One possible compromise is to put them in fcntl.h under
#ifdef __KERNEL__
Very controversial, yes, I know.
The whole concept of mixing functional flags (i.e. AT_STATX_*)
with lookup AT_* flags is controversial to begin with, not to
mention flag overload for different syscalls (i.e.
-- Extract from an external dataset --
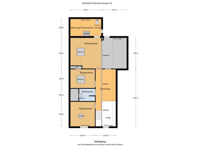 Het totaal heeft ongeveer 1000 m³ inhoud en het perceel heeft een grootte van 885 m².

AT_EACCESS/
AT_REMOVEDIR/AT_HANDLE_FID).
But since we have accepted this necessary evil, I think that at least
we could explicitly partition the AT_ flags namespace and declare:
#ifdef __KERNEL__
AT_LOOKUP_FLAGS_MASK ...
AT_MOUNT_FLAGS_MASK AT_RECURSIVE
AT_SYSCALL_PRIVATE_MASK AT_EACCESS
AT_SYNC_TYPE_MASK AT_STATX_SYNC_TYPE
AT_KERNEL_INTERNAL_MASK 0x80000000
#endif
Sfefan,
I feel that I have to stress the point that this is only *my* opinion and
I accept that others (like some vfs co-maintains..) may passionately
disagree to further pollute the AT_ flags namespace.
The advantage of the AT_KERNEL_INTERNAL_MASK is that it is
in no way exposed to users via ABI, so if we decide to undo this
decision anytime in the future and reclaim the internal AT_ flags,
we could do that.
IMO, this is a decent compromise compared to the very noisy
patch that adds another flags argument to ->getattr() just to fix
this IMA/overlayfs corner case.
Thanks,
Amir.